Forgot your password?
typodupeerror

Comment Re:Plato (Score 1) 179

I used to play Drygulch (and Empire) all the time back in the mid-80s. Drygulch was great, you had to delve the mine (something like a 30+? level maze, each floor something like 20x20 squares I think, it's been a while, but thru your mining you could actually deplete walls and clear a whole level) for ore, take it up to the assay office and cash it in for better supplies (all represented by little vector grachic icons of course) and sundries. You could traverse the badlands to find sister city, not an easy feat by anymeans but the sister mine was far richer). All in all a great game.

But I spent the most time by far on Moria, that game was the ultimate.
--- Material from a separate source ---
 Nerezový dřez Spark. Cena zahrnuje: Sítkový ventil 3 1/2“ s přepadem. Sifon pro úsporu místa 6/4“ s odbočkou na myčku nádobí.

It was dungeon-crawling-roleplayingesque game with vector graphics in a small window in the center depicting the dungeon and the directions you could travel. The world was divide up into different terrains (forrest, dessert, mountains, etc) but of course everything looked like the same vector-wall dungeon, but hey that's where imagination comes into play! You only got one character at a time, and once dead that char was gone for good (only to be remembered in the hall of fame!) You could party with quite a few other players at a time (which of course you could never "see" in the dungeon, just on a list of who's in the room at the time) and go exploring. The max # of players was quite a few I think (greater than 30 I think). My last char I remember was pj17 (incremented every time I died). Anyone remember hunting for the Ring or discovering the hidden levels like the Ocean? (A longshot I know but what the hell)
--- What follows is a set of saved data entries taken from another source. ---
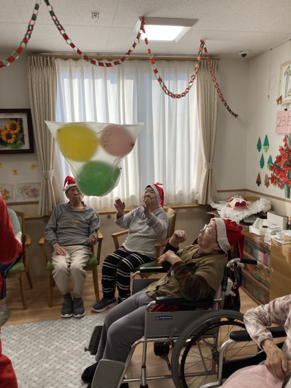 筒送りゲームやクリスマスの歌、いろはカルタゲームに大きな風船バレー♪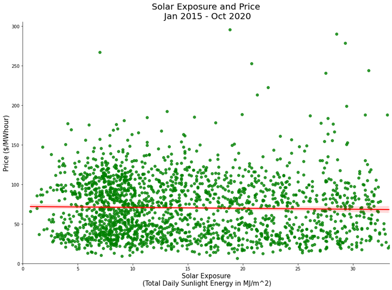 We speculated that a higher solar index would correlate with lower prices due to excessive solar supply. However there is no visible correlation between solar index and price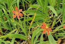 射干 Redouté)是鸢尾科射干属多年生草本植物。根状茎为不规则的块状,斜黄色或黄褐色;花橙红色,散生紫褐色的斑点;花药呈条形;子房下位,倒卵形;蒴果倒卵形或长椭圆形;种子圆球形,黑紫色,有光泽。…全部>>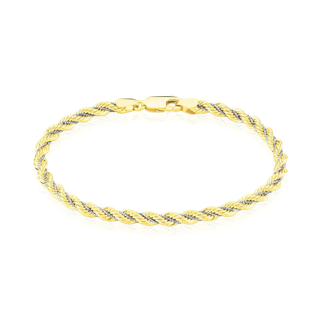 Bracelet Or Bicolore 375/1000 Maille Corde Et Vénitienne 4mm 18cm

I was actually like a 4th/5th grader (read: zbrat) at the time so everything on a 'puter was cool then. Still though reading thru these sites makes me quite a bit nostalgic for those days.
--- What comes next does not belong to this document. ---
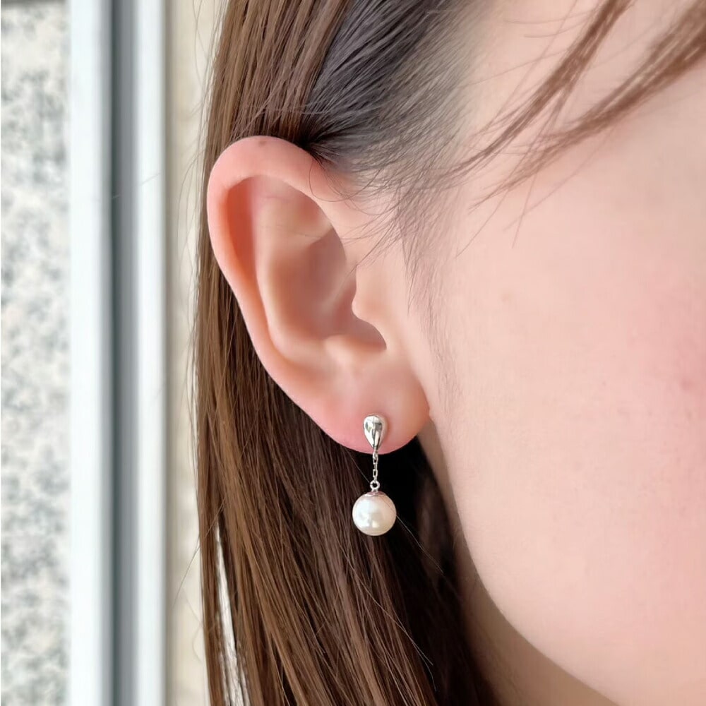 ホワイトゴールドの艶が映えるぷっくりしたモチーフの下で、ゆらゆらと上品な輝きを放つアコヤパールが視線を集めるピアス。トレンド感と上品さを兼ね備えたデザインで、幅広いスタイルに合わせやすいアイテムです。着け外しがしやすく安定感のあるスタッドタイプのピアスは、忙しいときでもサッと着けられる優秀アイテムです。

I wonder what would it take to resurrect those PLATO games to their former glory? I imagine copywrites, or a complete lack of source code would be a stumbling block. But, it's not like it'd take a lot of resources or bandwidth to host the whole thing (I used to connect at 9600 baud on the high end). I think I could put more time into those games (if the community was there of course) than into Neverwinter or EverQuest or any other so-called MMPORG. I wonder...

Slashdot Top Deals

UNIX was not designed to stop you from doing stupid things, because that would also stop you from doing clever things. -- Doug Gwyn

Working...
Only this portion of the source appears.